Chapter 2: Blood, Sweat and Stone

148 13 0
                                    

━━━━━━━━━━━━━━━━━━━━━━━━━━━━


A Gift
Chapter 2: Blood, Sweat and Stone.

⌈ 𝓒𝓲𝓵𝓽 : 𝓑𝓲𝓻 𝓗𝓮𝓭𝓲𝔂𝓮 ⌋
Bölüm 2: Kan, Ter ve Taş.

 ━━━━━━━━━━━━━━━━━━━━━━━━━━━━

"Görüyor musun, Harry Potter?"

Lord Voldemort, sanki bir insandan çok bir hayaletmiş gibi, çabukluğu ve sessizliğiyle neredeyse fark edilmeyecek şekilde Harry'nin peşinden koşmuştu.

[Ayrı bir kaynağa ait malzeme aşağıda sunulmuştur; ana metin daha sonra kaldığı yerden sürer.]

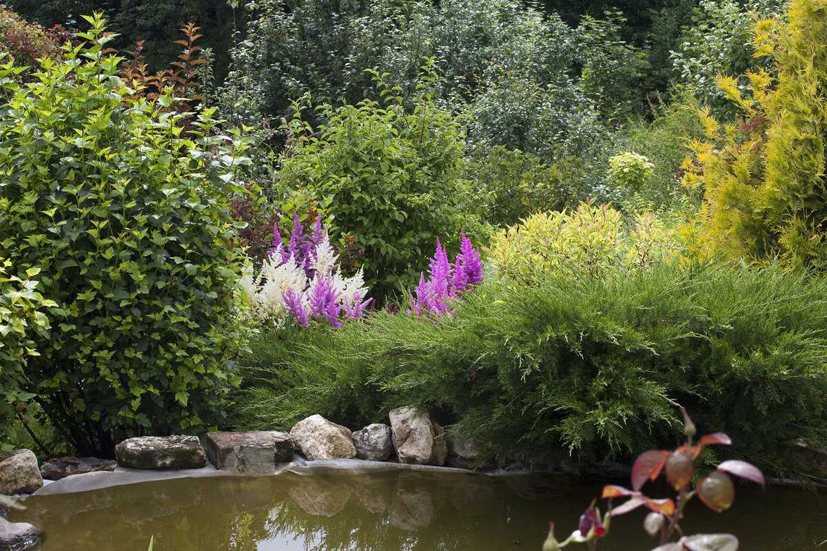 Декоративные хвойные, окруженные одновидовыми вкраплениями многолетника – простая и элегантная композиция, с которой справятся даже новички. Также сложно переоценить роль растения в оформлении водоема. Астильба – коренная обитательница прибрежных речных зон. Растение и вода – неделимы.

Ancak Karanlık Lord'un soğuk eli Harry'nin yüzünden hiç ayrılmadı. Voldemort'un tutuşu daha da sıkılaştı ve Harry'nin çenesini yukarı doğru kaldırıp onu gökyüzüne bakmaya zorladı. Karanlık Lord'un sesi kulağındaydı, sesi yumuşaktı ve nefesi soğuktu.

"Yıldızları görüyor musun, benim adıma nasıl parlıyorlar? Gökler nasıl da işaretimi taşıyor, o büyük takımyıldızı kalenin üzerinde nasıl görkemli, göksel bir taç gibi duruyor? Gökyüzündeki kızarma nasıl da yeni bir şafağın, yeni ve güzel bir günün habercisi. 

şafak...

  şafağım ... görüyor musun, Harry?"

Karanlık Lord'un diğer eli, yüzünün derisini neredeyse delip geçen keskin tırnaklarla büyük bir tezat oluşturarak, nazikçe omzunun üzerinde duruyordu. Harry onu -Hogwarts'ın üzerindeki Karanlık İşaret'i; doğal olmayan, zümrüt renginde parıldayan ve parıldayan ışık kürelerini-  görebiliyordu ,  Güneş yeni doğmaya başlıyordu ve gökyüzünün doğu kısmındaki  gecenin donanmasına kızıl kan gibi akmasına neden oluyordu.

Ama Harry konuşamıyordu. Boğazı fazlasıyla yaralanmış, zihni fazlasıyla sarsılmıştı. Kelimeleri oluşturabilseydi bile Harry sessiz kalırdı. Ne diyebilir ki?

Ne söyleyebilirdi ki?

Harry'nin titreyen eli cüppesinin cebinde geziniyordu, sanki hâlâ asasına uzanıp dövüşmeye çalışacakmış gibi. O yapmadı. Etrafı Ölüm Yiyenler tarafından kuşatılmıştı; Karanlık Lord'un kendisi de bir yılan gibi onun sırtına sarılıydı. Hiç umut yoktu.

Voldemort onun sessizliğine güldü. "Bunu hep hatırla." diye fısıldadı. Voldemort'un soğuk nefesi Harry'nin boynundaki tüylerin diken diken olmasına ve kalbinin donmasına neden oldu.

"Gökyüzüne veda et, Harry Potter..."

Parlak yıldızlar karardı.

Harry'nin dizleri büküldü ve görüşü bulanıklaştı. Acımasız, sadist bir kahkaha sesi her tarafta yankılanıyordu ama bu tuhaf ve çarpıktı; geniş ve boş bir odada soyut bir neşe korosuydu. Düşerken onun kalıntıları onu takip etti ve mide bulandırıcı bir şarkı gibi zihninin çevresinde yankılanıyordu.

Karanlık onu tüketiyordu.

━━━━━━━━━━━━━━━━━━━━━━━━━━━━

Karanlıktı.

Harry sırtını taştan bir duvara dayayarak buz gibi bir zemine oturdu. Vücudunun her yeri ağrıyordu. Çenesini kaldırmaya çalıştığında boynu, hareket ederken protesto çığlıkları atıyordu, kasları yakıcı bir acıyla kasılmıştı.